WHAT TO DO: Below is a block of entries; repeat all of it exactly but omit the pictures.

(RECORDED DATA)

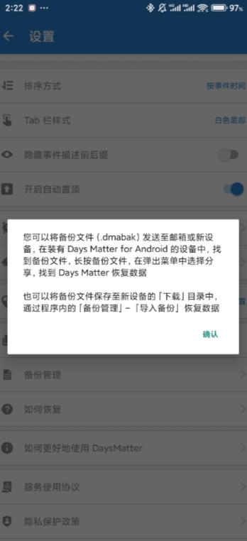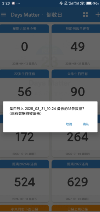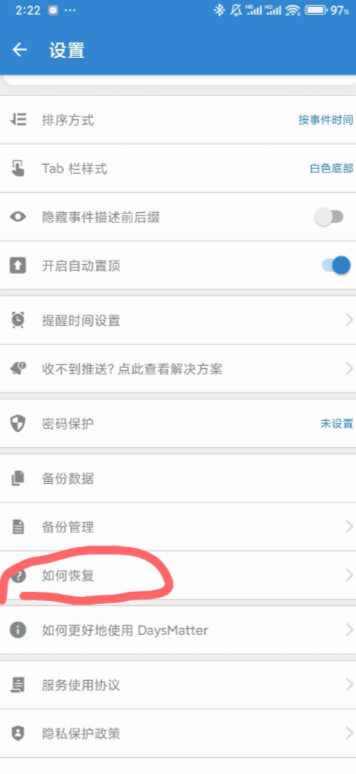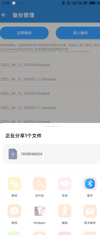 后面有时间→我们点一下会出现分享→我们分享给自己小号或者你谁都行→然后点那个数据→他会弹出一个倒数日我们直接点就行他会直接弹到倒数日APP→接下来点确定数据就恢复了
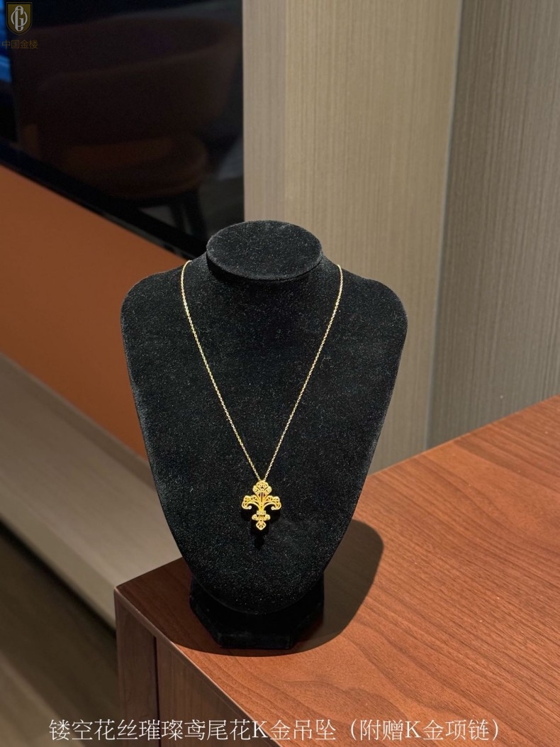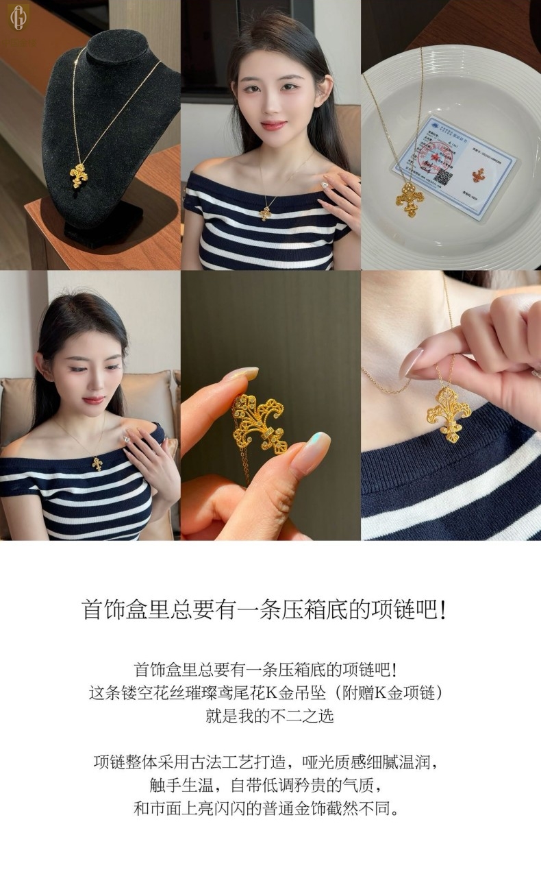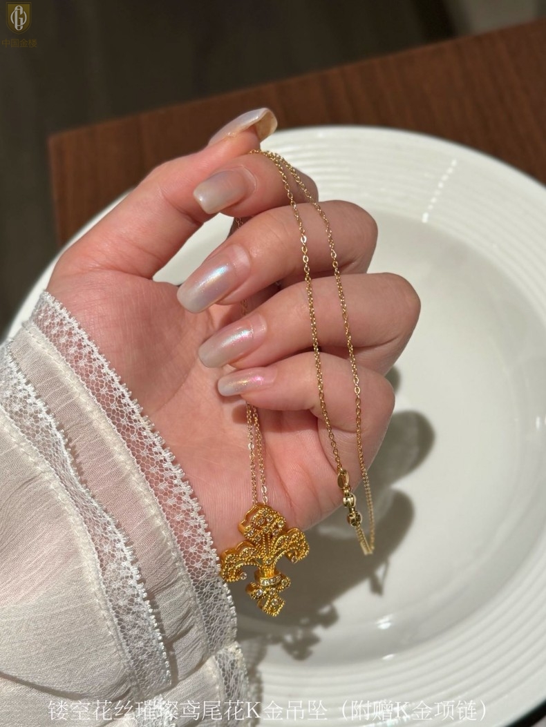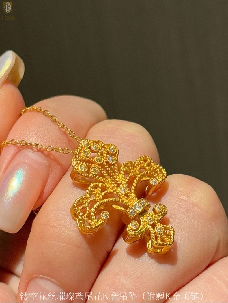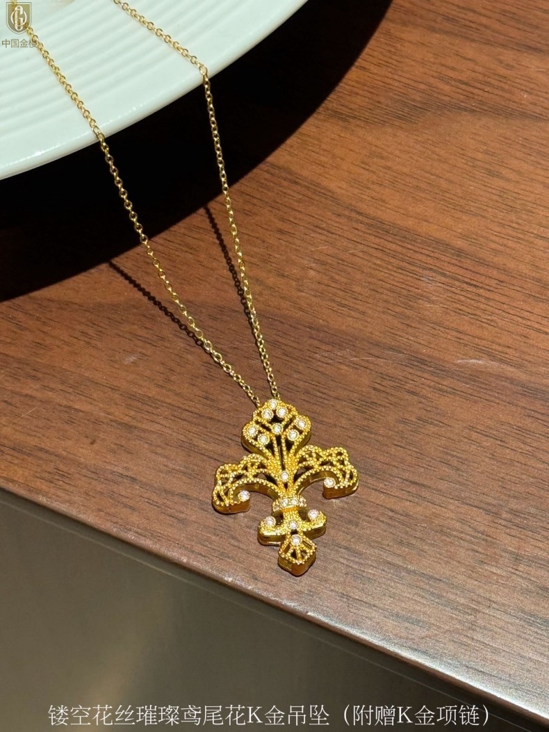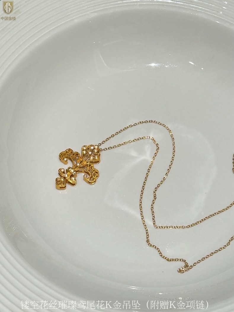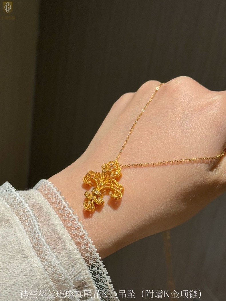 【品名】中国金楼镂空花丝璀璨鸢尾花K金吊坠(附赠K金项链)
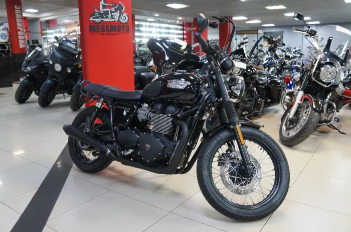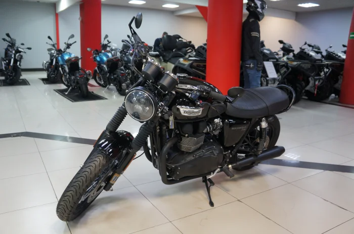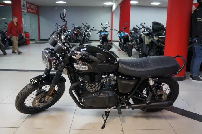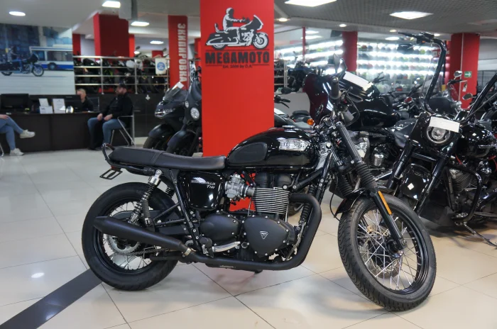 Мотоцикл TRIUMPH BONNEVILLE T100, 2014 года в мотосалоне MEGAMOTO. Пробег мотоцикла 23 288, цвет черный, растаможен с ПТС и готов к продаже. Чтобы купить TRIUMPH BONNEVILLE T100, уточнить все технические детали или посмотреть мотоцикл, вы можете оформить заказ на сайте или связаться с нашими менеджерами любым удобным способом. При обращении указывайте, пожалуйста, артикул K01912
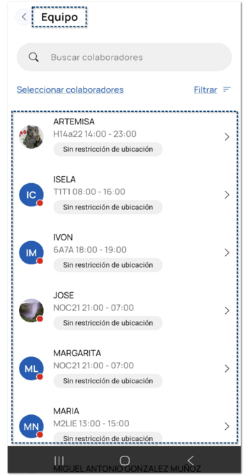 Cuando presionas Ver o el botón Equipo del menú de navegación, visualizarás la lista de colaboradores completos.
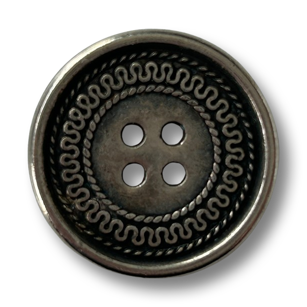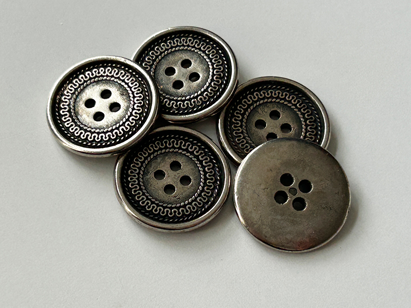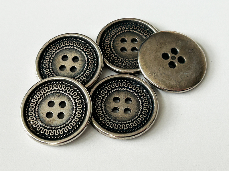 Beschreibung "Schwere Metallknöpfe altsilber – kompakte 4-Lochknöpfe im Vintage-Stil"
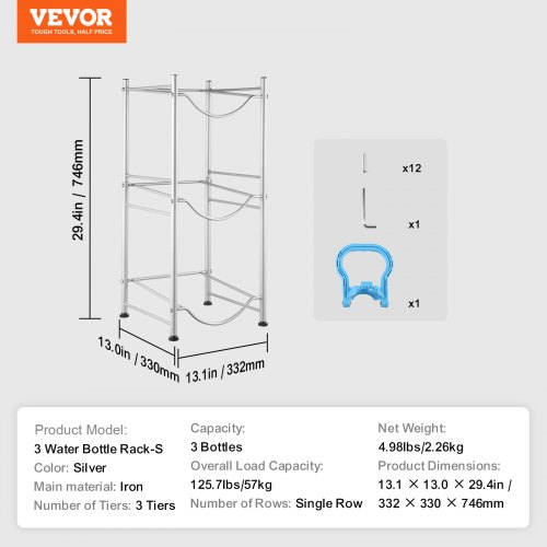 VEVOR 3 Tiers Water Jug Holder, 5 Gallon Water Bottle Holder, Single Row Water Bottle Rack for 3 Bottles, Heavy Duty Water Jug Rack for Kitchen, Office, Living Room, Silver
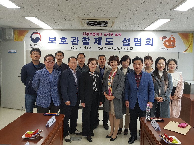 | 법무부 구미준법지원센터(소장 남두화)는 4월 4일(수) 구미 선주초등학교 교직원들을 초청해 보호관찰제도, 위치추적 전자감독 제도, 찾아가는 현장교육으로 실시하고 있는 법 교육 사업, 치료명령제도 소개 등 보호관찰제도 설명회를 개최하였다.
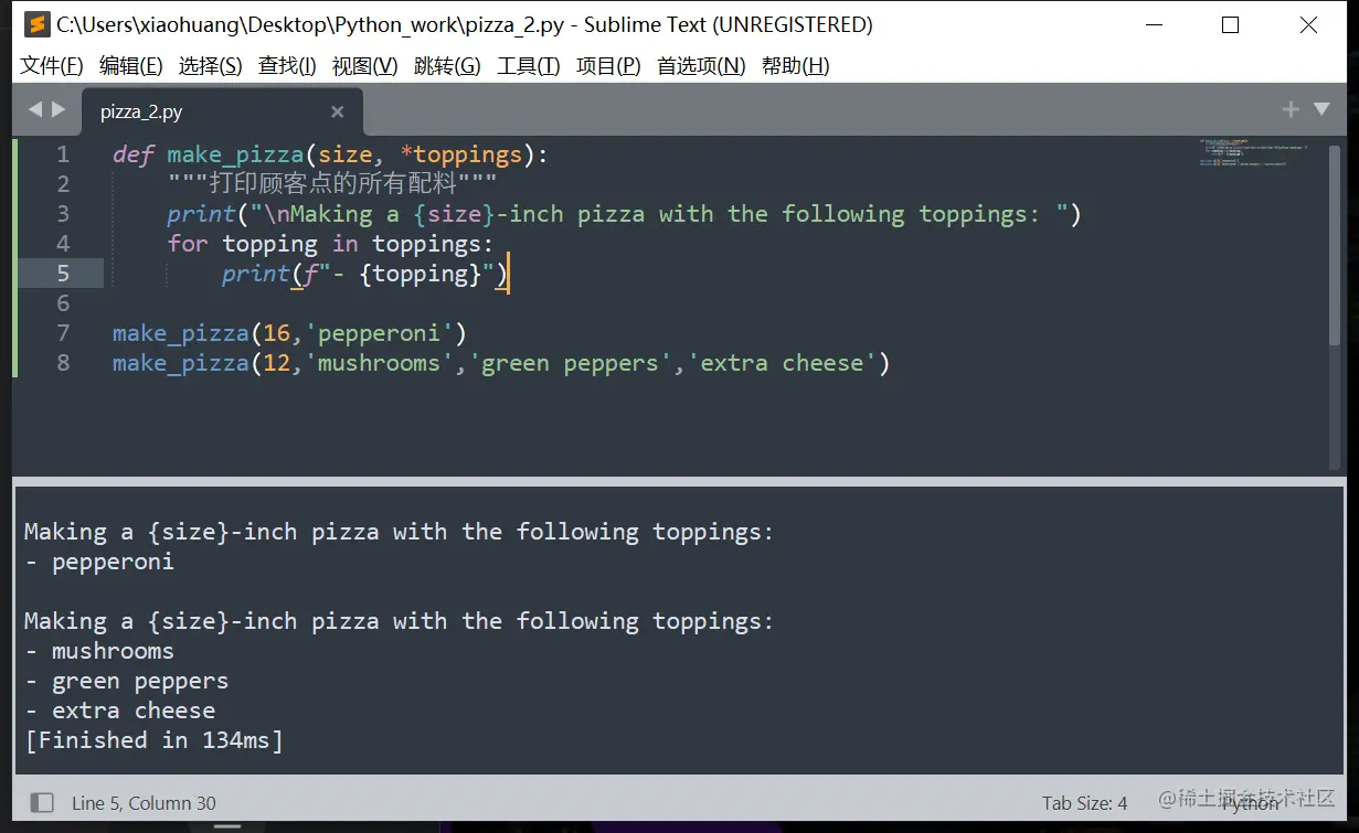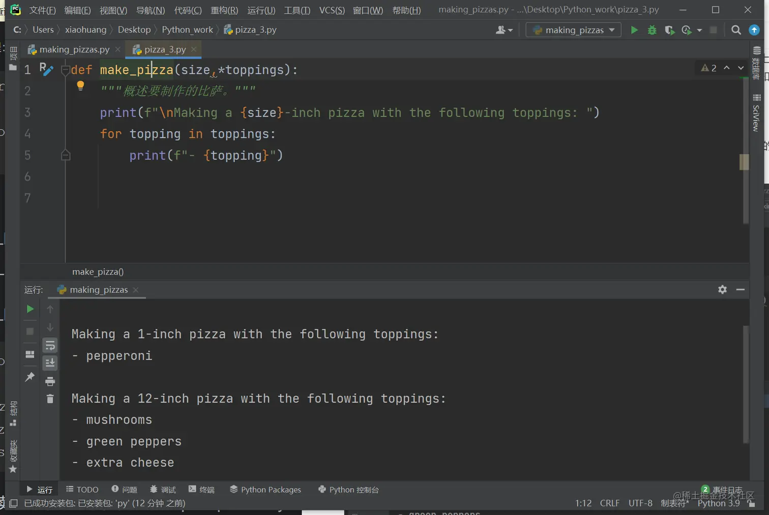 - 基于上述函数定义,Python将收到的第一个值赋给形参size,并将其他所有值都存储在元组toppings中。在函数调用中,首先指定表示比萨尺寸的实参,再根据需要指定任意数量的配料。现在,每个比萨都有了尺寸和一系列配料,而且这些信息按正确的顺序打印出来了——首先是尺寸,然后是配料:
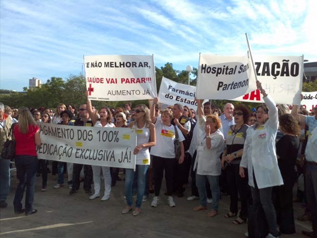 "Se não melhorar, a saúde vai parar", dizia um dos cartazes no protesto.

(End RECORDED DATA)

ANSWER SECTION:
 后面有时间→我们点一下会出现分享→我们分享给自己小号或者你谁都行→然后点那个数据→他会弹出一个倒数日我们直接点就行他会直接弹到倒数日APP→接下来点确定数据就恢复了
 【品名】中国金楼镂空花丝璀璨鸢尾花K金吊坠(附赠K金项链)
 Мотоцикл TRIUMPH BONNEVILLE T100, 2014 года в мотосалоне MEGAMOTO. Пробег мотоцикла 23 288, цвет черный, растаможен с ПТС и готов к продаже. Чтобы купить TRIUMPH BONNEVILLE T100, уточнить все технические детали или посмотреть мотоцикл, вы можете оформить заказ на сайте или связаться с нашими менеджерами любым удобным способом. При обращении указывайте, пожалуйста, артикул K01912
 Cuando presionas Ver o el botón Equipo del menú de navegación, visualizarás la lista de colaboradores completos.
 Beschreibung "Schwere Metallknöpfe altsilber – kompakte 4-Lochknöpfe im Vintage-Stil"
 VEVOR 3 Tiers Water Jug Holder, 5 Gallon Water Bottle Holder, Single Row Water Bottle Rack for 3 Bottles, Heavy Duty Water Jug Rack for Kitchen, Office, Living Room, Silver
 | 법무부 구미준법지원센터(소장 남두화)는 4월 4일(수) 구미 선주초등학교 교직원들을 초청해 보호관찰제도, 위치추적 전자감독 제도, 찾아가는 현장교육으로 실시하고 있는 법 교육 사업, 치료명령제도 소개 등 보호관찰제도 설명회를 개최하였다.
 - 基于上述函数定义,Python将收到的第一个值赋给形参size,并将其他所有值都存储在元组toppings中。在函数调用中,首先指定表示比萨尺寸的实参,再根据需要指定任意数量的配料。现在,每个比萨都有了尺寸和一系列配料,而且这些信息按正确的顺序打印出来了——首先是尺寸,然后是配料:
 "Se não melhorar, a saúde vai parar", dizia um dos cartazes no protesto.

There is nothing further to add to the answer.